15. The Haunted House
The following Saturday had been set as the first day for the girls to meet at Woodhow. Lucy was the first to arrive, as she lived nearest, and she brought with her Anne and Charlotte.
Hedda and the two girls from the old Ames place, Ingeborg and Astrid, arrived together and helped Kit and Doris plan the tennis court. Below the terraces the lawn lay smooth and even out to the south wall, but it had been decided to sacrifice a slice of the hay field across the road rather than the garden, and Matt had ploughed up a good-sized oblong of land for them, harrowed it smooth, and then the girls had pondered over the problem of rolling it. It must be rolled flat, wet down, and rolled again until it was fit to use.
“We could fill a barrel with sand, and roll that,” Doris suggested.

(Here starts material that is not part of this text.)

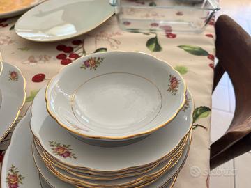 Set piatti in ceramica con bordo oro e fiori

“Got something better than that,” Buzzy said. “Over at Mr. Peckham’s they’ve got a road roller. Mr. Peckham’s the road committee in Elmhurst township—”
Kit caught him up. “The whole committee, Buzzy?”
“Ain’t he enough? Ought to see him get out and clean up with those boys of his. He’ll let us take it, I’m sure, and it will roll that court down as smooth as can be. I’ll go after it this afternoon when I finish with the potato patch.”
The house being too far away from the site of the tennis court, the girls had to fill buckets with water from the brook and pour them over the harrowed ground. It was hard work in the hot sun. “I’m half dead,” exclaimed Doris.
“Cheer up, kid,” Kit told her briskly. “Think of the result and what fun it’ll be to play out here.”
Lucy stood back and looked at their work. “What else are you going to do up here?” she asked.
“Next we’re going to start weekly hikes,” Kit told her. “You girls have lived here for years, haven’t you—”
“We just came up a while ago,” Ingeborg corrected.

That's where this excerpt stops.